German bishops' leader welcomes progress in national church dialogue

REGENSBURG, Germany (CNS) -- The president of the German bishops' conference welcomed progress in a national dialogue on the Catholic Church's future, inaugurated in the wake of sexual abuse scandals.

"This process is on the right track -- we're all getting a chance to make our voices heard," Archbishop Robert Zollitsch of Freiburg said March 1, at a news conference marking the end of the bishops' four-day meeting.

Archbishop Zollitsch said he hoped the dialogue would be advanced by the church's Katholikentag festival in May and a national eucharistic congress in 2013.

The Dialogue on the State of the Church, launched in June by 30 German bishops and 300 invited clergy and lay representatives, is to run till 2015, with each year examining a church task, including liturgy and witness.

The archbishop said the dialogue theme for 2012, "Diakonia: our responsibility in a free society," would give further impetus to the consultations, but he cautioned against "exaggerated expectations," noting that the church's 27 dioceses were "working at different speeds."

A March 1 bishops' conference statement said the dialogue was about "the challenge of social pluralism to the church and how best to demonstrate the church's public and charitable purposes."

"It could set a spiritual process in motion, which does not take decisions and formulate demands on the run, but asks openly and critically what the church of tomorrow needs," the statement said, adding, "This process is engaging many Catholics at various levels."

However, the assessment was criticized by Germany's dissenting "We Are Church" movement, which said lay Catholics would not be satisfied with '"pro forma dialogues and beautiful visions."

"The German bishops initiated this dialogue process at the height of the abuse crisis.
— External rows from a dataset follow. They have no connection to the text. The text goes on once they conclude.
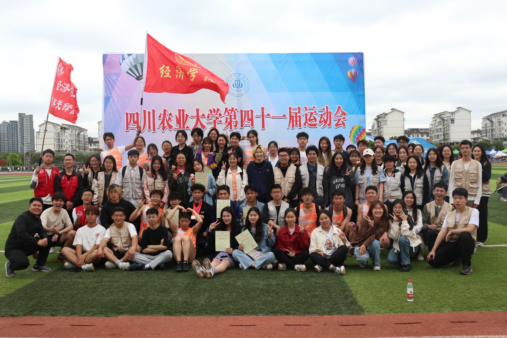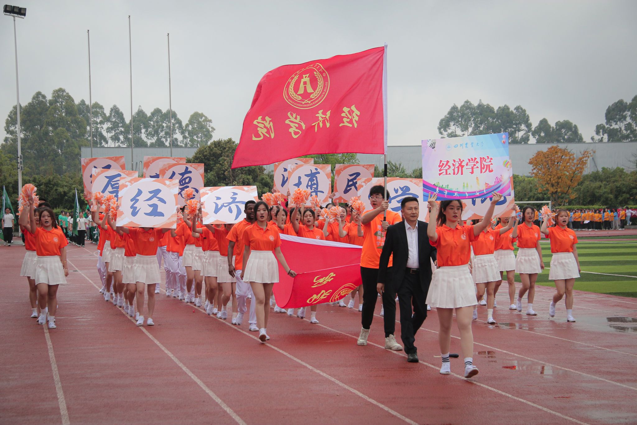 2023年4月21日我校第四十一届校运会隆重举行,我院院长蒋远胜教授出席开幕式、副院长吴平教授带领入场式队伍亮相开幕式,党委办公室主任兼团委书记钟贝老师、党委办公室副主任兼团委副书记朱玉老师、党委办公室罗利娟老师、党委办公室武方琨老师带领我院运动健儿、后勤组、医疗组和宣传组人员积极投身校运会。轻抚凉爽的春风,呈递火热的激情,我院健儿们在多个项目奋力拼搏、大展风采。经过两天的激烈角逐,我院最终以241分的总成绩位列成都校区第4名。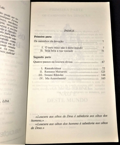 Desde a noite dos tempos, milhares de homens e de mulheres abandonam tudo, renunciam a tudo, abdicam de todo o desejo, de toda a vontade pessoal para se consagrarem inteiramente ao amor do divino, presente em cada ser e em cada coisa. Entregando-se assim, eles libertam-se de todos os conflitos e de todos os medos. O seu aparente despojamento é uma infinita riqueza.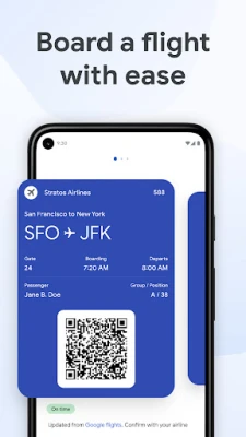 + Make boarding flights a breeze with the latest information pulled from Google Search. Google Wallet can keep you posted on gate changes or unexpected flight delays.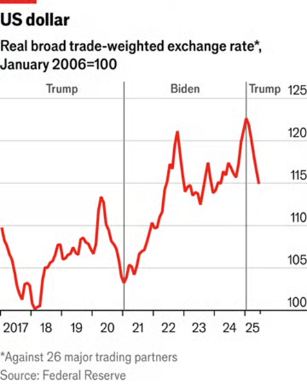 دلار آمریکا: ترامپ و معاونش جی دی ونس هر دو از تضعیف دلار حمایت کرده‌اند و استدلال می‌کنند که قدرت دلار به صنعت آمریکا لطمه می‌زند؛ زیرا رقابت‌پذیری محصولات آمریکایی را کاهش می‌دهد. به‌صورت محدود، دلار از زمان آغاز دوره دوم ترامپ در برابر اکثر ارزهای اصلی تضعیف شده است. با این حال، این تضعیف عمدتاً ناشی از سیاست‌های خود او به‌ویژه رویکردهای تجاری فوق‌العاده تهاجمی بوده است. خطر آنجاست که اگر سرمایه‌گذاران نسبت به ثبات آمریکا تردید کنند، تمایل خود را به خرید دارایی‌های آمریکایی و در نتیجه دلار کاهش دهند. دلار ضعیف‌تر همچنین می‌تواند به افزایش تورم دامن بزند؛ زیرا واردات کالا را گران‌تر می‌کند.
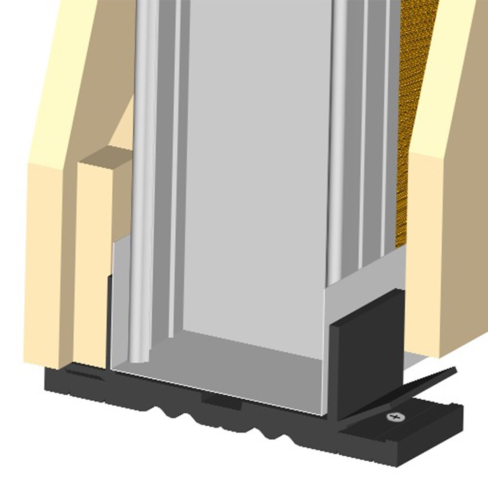 Los espacios libres debajo del marco de metal deben rellenarse con material de absorción de sonido (por ejemplo, lana de roca) y sellado con masilla elástica. porciones o todas las aletas laterales de la base, se pueden cortar fácilmente gracias a su incisiones, para aplicaciones con espesores más pequeños (por ejemplo, drywalls sencillos) que la longitud del soporte vibro WS.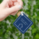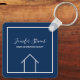 Este chaveiro moderno de corretor é personalizado com o nome da sua empresa real sob o nome do agente na tipografia quic. Esta cadeia de teclas quadradas azul e branco minimalista apresenta um desenho simples de uma casa. Presente contemporâneo para um agente que trabalha para ajudá-lo a comprar de uma casa.

The faithful expect not just a church of listening and spiritual renewal, but of concrete pastoral steps," said a March 1 statement from the movement, which has demanded women's ordination.


Several hundred Germans have claimed molestation by priests and church staffers since allegations were made against a Catholic college in Berlin in January 2010.
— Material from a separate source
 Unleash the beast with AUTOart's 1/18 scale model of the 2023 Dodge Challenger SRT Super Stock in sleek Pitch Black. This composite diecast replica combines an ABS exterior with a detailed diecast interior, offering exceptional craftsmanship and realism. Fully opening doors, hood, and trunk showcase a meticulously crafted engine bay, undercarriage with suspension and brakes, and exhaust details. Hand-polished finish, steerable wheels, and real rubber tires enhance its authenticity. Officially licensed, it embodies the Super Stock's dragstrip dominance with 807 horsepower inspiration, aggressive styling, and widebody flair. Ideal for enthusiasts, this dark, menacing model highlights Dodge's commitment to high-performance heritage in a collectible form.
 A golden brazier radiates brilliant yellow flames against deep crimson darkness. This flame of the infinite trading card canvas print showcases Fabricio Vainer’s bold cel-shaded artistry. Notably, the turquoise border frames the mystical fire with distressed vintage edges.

Under August 2010 church guidelines, people who work with Catholic youth must now obtain police checks and undergo psychiatric tests, while the church's 27 dioceses must have independent ombudsmen and experts.

At their late-February meeting, besides discussing the national dialogue, the bishops debated the situation at Germany's 54 theology faculties and institutes, after new church data confirmed student admissions had dropped by half in the past 15 years. The sharpest decline was in Pope Benedict XVI's native Bavaria.